Week of May 31, 2026
AI agents are graduating from helpers to autonomous workers this week—literally controlling your computer while you're away, generating production-ready code through design tools, and executing complex task lists in the background. Meanwhile, the infrastructure catching up: inference speed is becoming an intelligence lever, and evaluation frameworks are preventing expensive AI disasters before they hit production.
This Week's Top Videos
Windows Computer Use and mobile access for Codex
By OpenAI
OpenAI's Codex now lets you literally walk away from your desk while AI agents control your entire Windows computer and apps autonomously. You can monitor and start new tasks remotely via mobile app while the AI works in the background. This marks the shift from AI assistants to true AI workers that operate independently.
- Computer Use feature allows Codex to take complete control of your Windows desktop and cursor to perform tasks across any installed application autonomously
- Remote monitoring capability lets you check progress and start new AI tasks from iOS/Android ChatGPT app while away from your desk
- Browser-specific tasks should use Codex Chrome integration instead as it can work across multiple tabs simultaneously in background
- You can @mention specific installed applications when setting up Computer Use tasks for more targeted automation
- Setup requires enabling Computer Use in settings, scanning QR code for mobile access, and ensuring computer stays connected to internet
Inference, Diffusion, World Models, and More | YC Paper Club
By Y Combinator
Inference speed is becoming a capability lever, not just a cost optimization—faster tokens per second equals higher peak intelligence when models can reason with more compute time. YC's first paper club featured speculative decoding techniques that dramatically accelerate model inference, with one algorithm showing visibly faster performance than standard approaches. This matters NOW because RL is exceeding pre-training compute requirements and inference costs are dominating at scale.
- Inference costs now dominate training costs when serving models to billions of users, requiring trillions of tokens at scale
- RL compute requirements are starting to exceed pre-training needs, and RL is essentially just a wrapper around inference
- Inference speed will become a capability metric within 1-3 years—tokens per second directly determines peak intelligence for reasoning models
- Speculative decoding uses a small model as a proxy to dramatically speed up sampling from larger models without changing output quality
- YC's Winter 16 batch produced 10-15 unicorns out of 140 companies, including the early OpenAI team asking founders what problems to research
- Half of Bay Area AI talent is in Peninsula/South Bay (Google DeepMind, Tesla, xAI) versus city-based companies like Anthropic and OpenAI
I Stopped Using PowerPoint After Building This Claude Code Skill (Full Tutorial + 3 Templates)
By Peter Yang
A product manager built a Claude skill that generates fully interactive HTML slide decks in minutes, eliminating the need for PowerPoint or Google Slides.
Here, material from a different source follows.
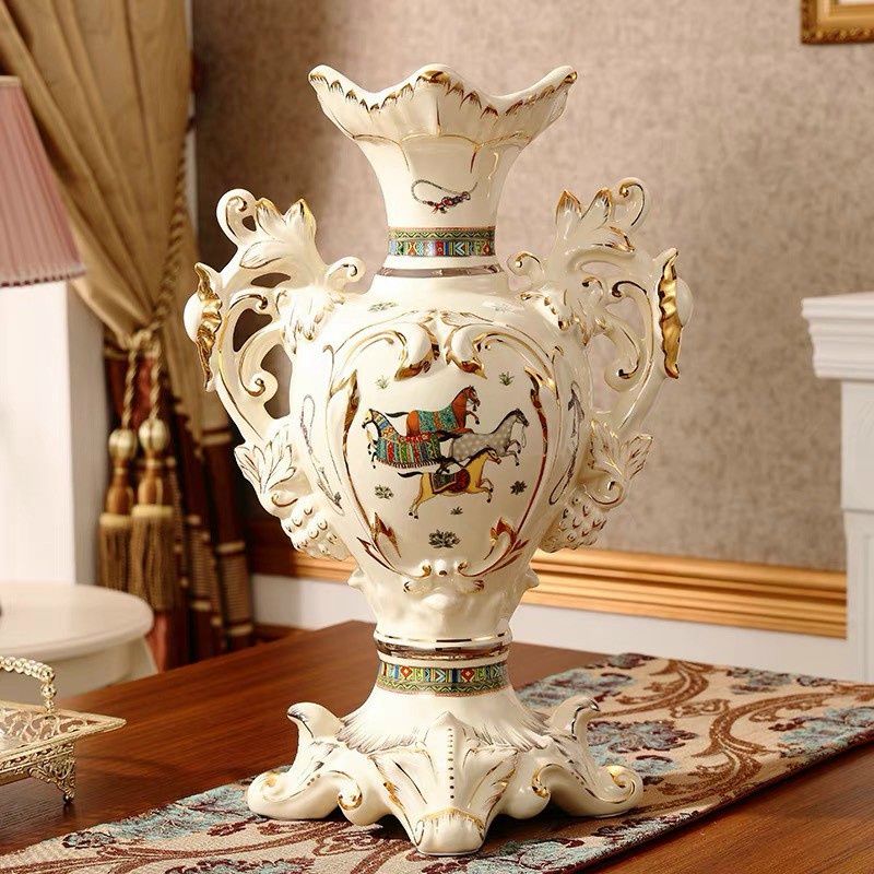 Nhà cửa & Đời sống > Trang trí nhà cửa > Bình trang trí || Bình Cắm Hoa Phong Cách Hoàng Gia -Bình Cắm Bông Gốm Sứ Vẽ Vàng Nhập Khẩu Cao Cấp - Kt 35*53cmCòn hàng

The system includes 12 slide formats, AI-powered QA agents that screenshot and fix layout issues, and generates animated charts with hover interactions—turning hour-long deck creation into a few-minute process.
- HTML slide decks can include fully interactive charts where users can hover to see data, making presentations far more engaging than static PowerPoint charts
- Building a QA agent that screenshots every slide and checks for layout issues before delivery ensures consistent quality without manual review
- The skill supports 12 common slide formats including two-column layouts, stack grids for stats, comparison tables, animated step processes, and technical code blocks
- AI can perform web research during slide generation to pull in current facts and data, making decks more comprehensive than manual creation
- Tasks that previously took an hour or more for manual deck creation now complete in minutes with automated animations and professional styling
- The system reads workflow templates from scale.md and styles.md files, then asks clarifying questions before generating the complete HTML deck
Meet Gemini Spark, your 24/7 personal AI agent✨
By Google
Google's Gemini Spark lets you brain-dump multiple complex tasks at speaking speed—calendar changes, personal notes, and deadline-organized documents—then executes them autonomously in background threads with approval gates. This 'throw tasks over your shoulder' approach could fundamentally change how founders manage operational overhead while scaling.
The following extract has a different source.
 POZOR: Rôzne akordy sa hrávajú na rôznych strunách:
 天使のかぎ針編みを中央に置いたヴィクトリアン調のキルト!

- Voice-to-execution workflow allows brain-dumping multiple complex tasks at natural speaking speed, with AI parsing and breaking them into individual executable threads automatically.
- Background task processing means you can delegate work and completely context-switch, with the AI working autonomously while you focus on other priorities.
- Built-in approval gates prevent unwanted actions by asking for user input on sensitive tasks, balancing automation with control.
- Deep integration with Google Workspace allows automatic formatting, color coding, and structured document creation without manual setup.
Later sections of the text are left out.